When you are prompted for credentials, enter your GitLab username and copy-paste the PAT you created earlier (or enter your password).
Note
The specific GitLab path may vary depending on how your GitLab is set up.
Check the Docker examples on the empty container registry page for the
value you need. For example, if you put your container registry in a group
called “containers”, the image reference would be
gitlab.com/$USER/containers/myproj/hello:latest
.
$ clearly image push hello gitlab.com:5050/$USER/myproj/hello:latest
pushing image: hello
destination: gitlab.com:5050/$USER/myproj/hello:latest
layer 1/1: gathering
layer 1/1: preparing
preparing metadata
starting upload
layer 1/1: bca515d: checking if already in repository
Username: $USER
Password:
layer 1/1: bca515d: not present, uploading: 139.8/139.8 MiB(100%
config: f969909: checking if already in repository
config: f969909: not present, uploading
manifest: uploading
cleaning up
done
Go back to your container registry page. You should see your image listed now!
Pull and compare¶
Let’s pull that image and see how it looks:
$ clearly image pull --auth registry.gitlab.com/$USER/myproj/hello:latest hello.2
pulling image: gitlab.com:5050/$USER/myproj/hello:latest
destination: hello.2
[...]
$ clearly image list
almalinux:8
hello
hello.2
$ clearly convert hello.2 ./hello.2
$ ls ./hello.2
bin clearly dev etc hello.py home lib lib64 media mnt
opt proc root run sbin srv sys tmp usr var
MPI Hello World¶
In this section, we’ll build and run a simple MPI parallel program.

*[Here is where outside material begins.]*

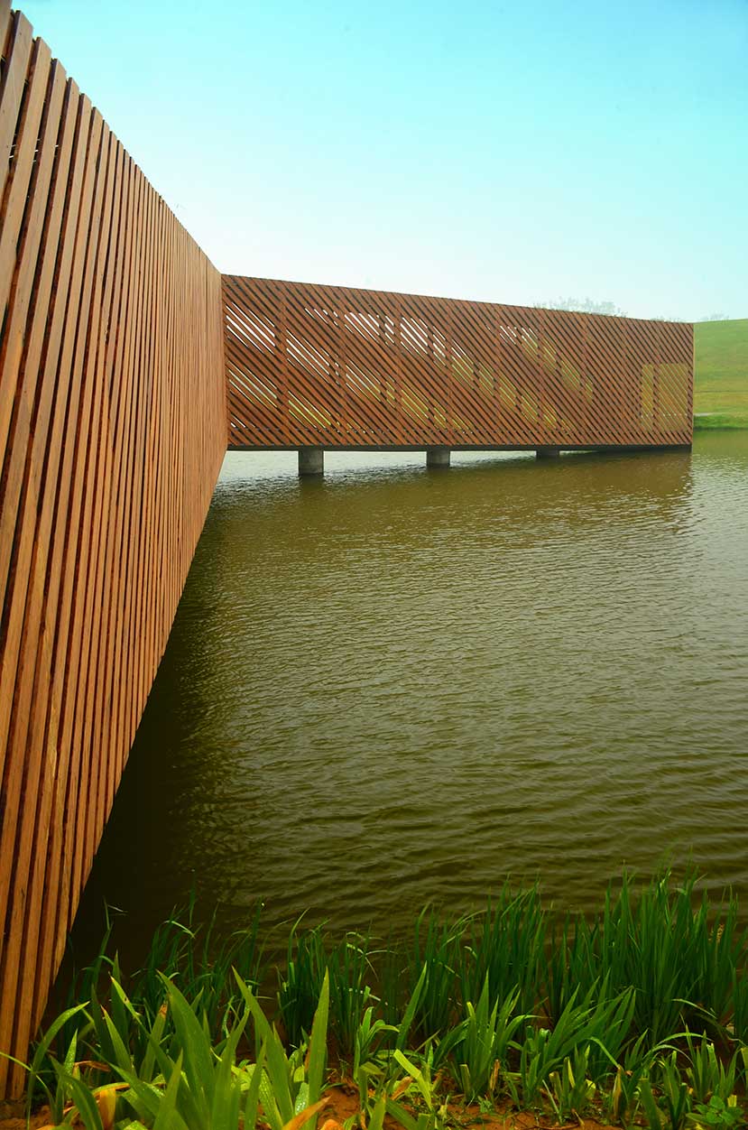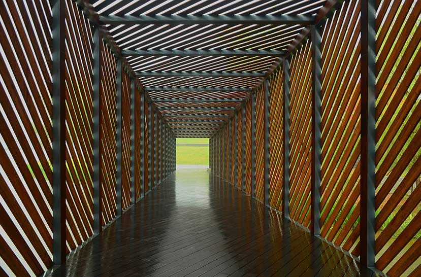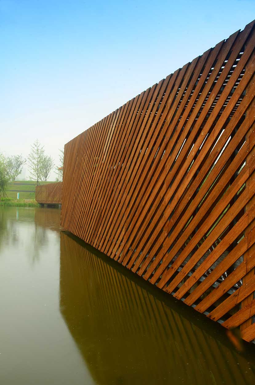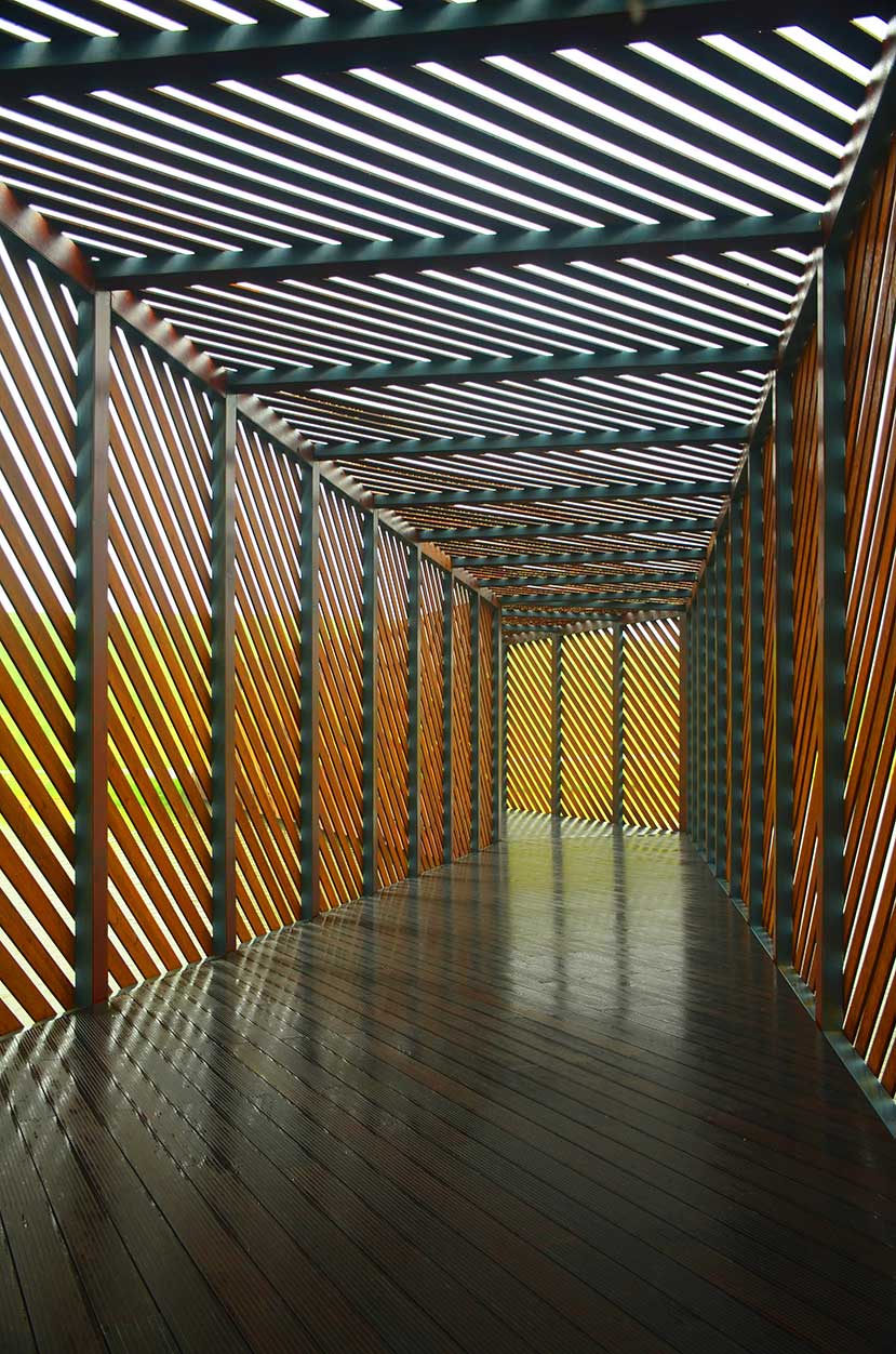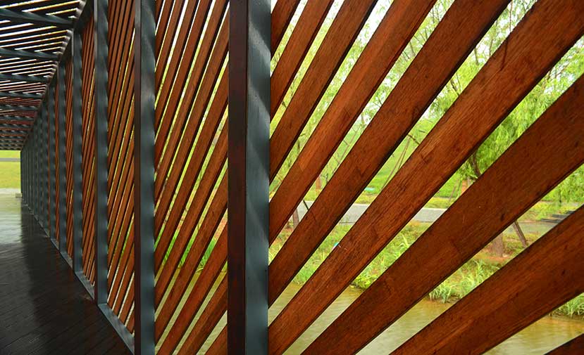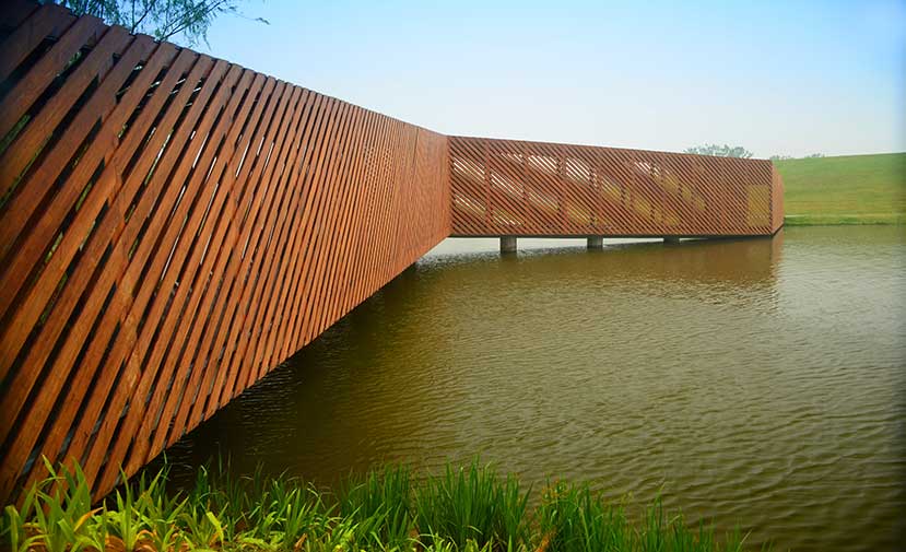 該景觀橋位于鄭州正弘中央公園內(nèi),主體為鋼架結(jié)構(gòu),運用桃花江戶外高炭防腐竹地板與淺炭格柵進行造型與裝飾。景觀橋設(shè)計干練、簡約,直線條與斜線條有力的勾勒與極具親和力的戶外竹材表達使得景觀橋極具北歐風情,成為公園內(nèi)的景觀核心。

Image builds can be chained. Here, we’ll build a chain of four images: the
official almalinux:8
image, a customized AlmaLinux 8 image, an OpenMPI
image, and finally the application image.
Important: Many of the specifics in this section will vary from site to site. In that case, follow your site’s instructions instead.
Build base images¶
First, build two images using the Dockerfiles provided with Clearly. These two build should take about 15 minutes total, depending on the speed of your system.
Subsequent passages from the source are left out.